I’ve read some things lately, which have put me in the mind to drink more French wines.
The first item that stirred my interest was Craig Camp’s column on French wines. He touts the quality of French wines in the value category and has some harsh words for New World producers.
I used to drink primarily French wines, particularly inexpensive Rhone wines and wines from the Southwest and Languedoc. However, lately I’ve been drinking much more from Spain, South America and Australia. That’s where I felt my wine dollars were best spent.
White Burgundies have always been some of my favorite French wines, particularly the wines of Mâcon. There are several Macon-Villages that I think are some of the best values in chardonnay.

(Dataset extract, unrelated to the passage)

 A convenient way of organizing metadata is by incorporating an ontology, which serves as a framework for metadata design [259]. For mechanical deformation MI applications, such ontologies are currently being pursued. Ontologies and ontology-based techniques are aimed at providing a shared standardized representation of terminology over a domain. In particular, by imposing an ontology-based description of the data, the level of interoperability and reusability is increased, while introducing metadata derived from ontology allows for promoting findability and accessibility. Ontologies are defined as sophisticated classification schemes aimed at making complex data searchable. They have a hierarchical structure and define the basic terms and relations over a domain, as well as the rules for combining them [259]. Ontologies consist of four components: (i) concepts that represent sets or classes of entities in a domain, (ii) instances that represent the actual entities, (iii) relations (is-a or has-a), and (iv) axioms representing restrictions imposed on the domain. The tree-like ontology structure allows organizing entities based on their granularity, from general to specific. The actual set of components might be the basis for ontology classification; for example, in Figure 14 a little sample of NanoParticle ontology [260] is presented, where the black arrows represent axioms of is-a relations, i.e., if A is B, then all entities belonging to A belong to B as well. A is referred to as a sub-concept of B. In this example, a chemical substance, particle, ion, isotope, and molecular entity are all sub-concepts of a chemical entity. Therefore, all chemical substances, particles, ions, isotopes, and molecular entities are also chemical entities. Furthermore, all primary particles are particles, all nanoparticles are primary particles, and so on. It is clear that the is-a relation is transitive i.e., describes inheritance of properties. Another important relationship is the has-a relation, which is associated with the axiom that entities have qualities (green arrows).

The other night I opened a bottle of Dominique Cornin Mâcon-Chaintre 2004. Chaintre is one of the villages of Mâcon, and Dominique is a newer, but highly respected producer.
This wine was a little more upfront with the fruit than I’m used to, but it had the elegance and style that I’m used to from Mâcon. The lack of oak influence makes chardonnay really shine. For my money, it’s one of the best expressions of chardonnay in the world.
The Cornin has a lovely bouquet of apples and pears; its flavor is more of the apple and peach with a lean, stylish feel and a creamy, honeyed finish. This is really tasty stuff. It was around $16 a bottle, which is a little more than I would usually spend on a Mâcon, but it was well worth it.
My other French discovery was of an A.O.C. that I was totally ignorant of—Cabardès.
"The western-most vineyard of the Languedoc-Roussillon and the eastern-most of the south-west, the dry stony soil and growing environment are ideal for low yield, top quality wine production. Cabardès is the only Languedoc A.O.C. to blend in equal proportions Bordeaux grape varieties (Cabernet and Merlot) with those of the Rhone (Syrah and Grenache)."
Never heard of it.
My education in French wines hit a plateau some years back and I haven’t been aggressive about moving it to a higher level. The other day I ran across something in a wine store that looked interesting, so I gave it a try. It was Château de Pennautier A.O.C. Cabardès 2004.
The combination of Rhone and Bordeaux varietals makes for an interesting mix. The Pennautier is dark and silky with great black fruit, soft tannins, spice and a long, caressing finish. For $11, it was a smashing find, and I’ll bet it can be had for less elsewhere.
The blend on this wine is 10% cabernet franc, 25% cabernet sauvignon, 20% merlot, 15% cot (also known as malbec) and 30% syrah. With such an interesting mix of grapes to blend with, I am very excited about trying more wines from this region.
The other interesting article I read was in the European edition of Time Magazine. It discusses the French wine glut and how the French are handling (or not handling) the changing global wine market. Interesting stuff.